As i said in this topic, i have a monte carlo implementation.
I get a cpu and gpu time for serial and parallel execution of function and kernel.
Program run together, first serial and after parallel code.
Then i calculate the efficiency of execution based on thread number.
I’m gating this results:
for 33554432 iterations (with 512 X 65536 in args) and 32 threads per block
i have 1394.07ms for gpu and 6646.00ms for cpu
and efficiency is 14.90%.
If i change the thread per block number, then the efficiency drop to half.

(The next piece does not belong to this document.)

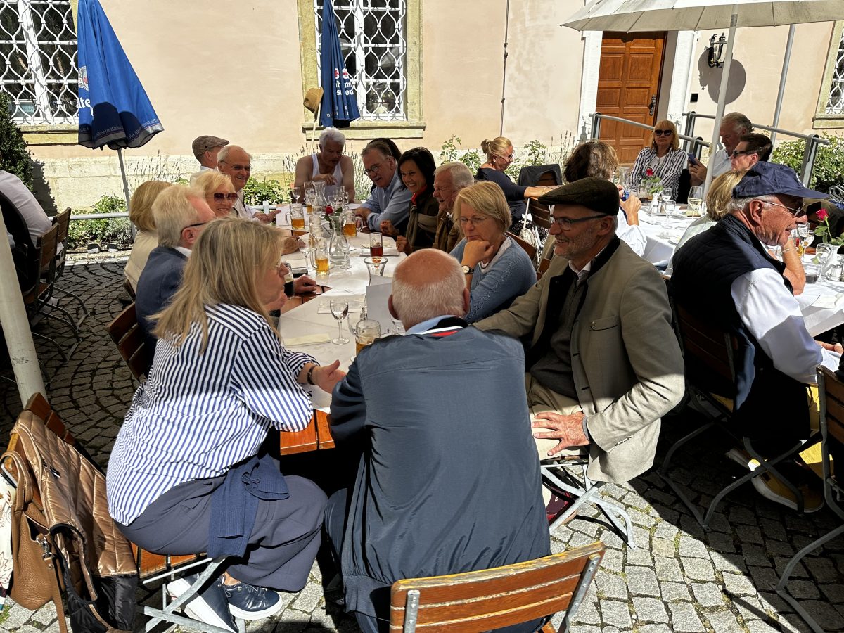 Danach weiter entlang des Altmühltals bis nach Breitenbrunn. Bei der Kapelle St. Maria scharf rechts abbiegen, den Berg hoch und auf der Jura-Hochebene den Ausblick, die Landschaft und die Strecke genießen. Gottseidank meist mit der Sonne im Rücken und ohne ladwirtschaftlichen Verkehr. Bei der Burg Prunn ging es dann über Serpentinen wieder ins Tal der Altmühl mit traumhaftem Ausblick auf die Burg Prunn und die Burgruine Randeck mit unserer Destiantion für den Abend, der Ritterschänke. Unser Eintreffen war von Familie Sturm professionell organisiert: Die örtliche Freiwillige Feuerwehr war vor Ort und verantwortlich für das Einweisen zum Parkplatz. Frau Sturm mit Mitarbeiterinnen begrüßte uns an der Einfahrt zum Parkplatz und hatte für alle ein Glas mit sprudelndem, vergorenem Inhalt zur Belohnung für die „Strapazen“ des Tages bereit. Nach dem Abschalten der Motoren stand noch eine Besichtigung der historischen Mauern der Burgruine auf unserem Programm, unterhaltsam geführt vom 2. Bürgermeister, Herrn Schneider. Vom Söller der Burg wurde man mit einem fantastischen Blick über das Altmühltal für die Mühe des Aufstiegs (36 m) belohnt.

I have (thread_per_block, efficiency, gpu_time, cpu_time):
32 | 14.90 | 1394.07 | 6646.00 |
---|---|---|---|
64 | 7.42 | 1399.73 | 6646.00 |
128 | 3.64 | 1427.69 | 6646.00 |
256 | 1.86 | 1395.64 | 6646.00 |
I’m trying to explain why i have better efficiency with 32 threads and why the 256 threads i have the worst, although the gpu time is better than 64 and 128 threads.
I run nvprof for metrics achieved_occupancy, branch_efficiency and warp_execution_efficiency.
The achieved_occupancy increase while the thread number are changing for 32 to 256.
The branch_efficiency and warp_execution_efficiency remaining constant.
How could explain that change in efficiency based on thread per block?